Monday, May 28, 2012

Day 15 - Nantahala River

Set up my tent last night on limited, semi-flat ground near another woman hiker. She got up before a hint of light in the sky and started packing. She was using a flashlight but I know it wasn't helping her because it was aimed into my tent most of the time. Clack of pans, rip of zippers, rustle of synthetic fibers mashed into stuff bags, crunch of granola. Heard it all for 30+ min and then blissfully boots walking away. I got out of my tent a little later than normal because I wanted all the other nearby campers to know that wasn't me waking everyone up. But you have to admire someone that can get up and go. It takes a lot of inner strength to get going so early. Life on the trail.

Two Englishmen came into camp. Their plane landed at 2 a.m. They slept in a hotel for 4 hours and then caught a shuttle to the trail and then hiked 11 miles. I was walking by their campsite that evening when one of them climbed into his hammock/tent. It promptly sank to the ground still tied to the trees. I heard him say to his companion: "My back's on the ground and I don't care.". Poor guy. Couldn't help but laugh, I hope in sympathy.

I love walking through the tunnels cut through the rhododendron thickets. Their twisted forms and their thick, dark canopy are straight out of Tolken's Middle Earth. Early men through here cursed these thickets because it's impossible to walk through them. The only choice was to find a way around or cut through, an arduous task.

What makes me sad is to see all the magnificent American chestnuts rotting on the ground from a fungus blight. New chestnuts come up from the old roots and when those trees reach 5 to 10 inches in diameter the blight kills them too. The forest is filled with dead trees with new chestnut sprouts growing below them, all doomed. I had no idea there were so many young trees trying to grow. Maybe somehow one will become resistant to the fungus. And then there's one of my favorite tree the hemlock also doomed from the woolly adelgid. The hemlocks in these mountains are almost all dead. We're going to lose them all. It's a disaster.

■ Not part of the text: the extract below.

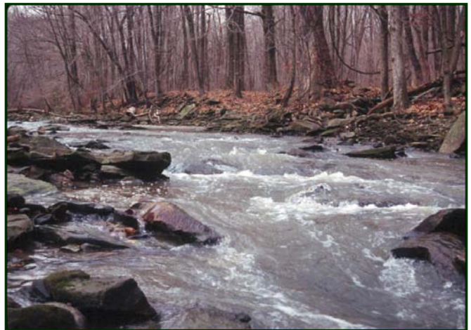
Figure 4. Rosgen Type B: W/D > 12 ; Sinuosity > 1.2 ; ER > 1.4-2.2 ; S 2–4%

Type B streams are typically moderately entrenched and less steep than Type A streams. They can be thought of as “babbling brooks” that are found in narrow valleys of rolling hill landforms (Figure 4). The channel bed consists of a series of rapids and cascades with irregular scour pools. The bed and banks are relatively stable, and they are sediment-supply limited systems. If available, large woody debris is an important component to in-stream fish habitat in these systems.

The good thing is that the poison ivy that literally covered the ground in the Georgia mountains doesn't like this higher elevation.

Many pretty wildflowers along the trail including Clintonia, the wood lily. The trilliums have seed pods now.

You learn to hate the word "gap" cause that means what goes down must go back up. Today after normal up and downs on the trail, I walked down 4 1/2 miles for an elevation loss of about 4300 feet. Tomorrow I walk back up for about 8 miles for an elevation gain of about 5000 feet. Then more up and downs.

The big down hill of today took me to the Nantahala River where the trail passes a great outdoor center and outfitter. Anything you want to do on a mountain river you can do here from renting kayaks, rafts to trout fishing. It's a really nice place and very friendly. I'd heard about their pizza on the trail and it was excellent!!! But the BEST thing is I'm staying in a bunk house and just a few buildings away are showers and a washer dryer. They even supply a towel and shampoo all for $19. I'm now totally clean. I ate hot food (on the trail I eat cold food) and I'm watching a beautiful river roll by. Google the Nantahala Outfitters at Wesser N.C. to get a look at this place. A true oasis!!! And tonight I sleep inside four walls on a bunk bed. Also my food boxes from Lauren and Lucy were here from a month ago. Life is good.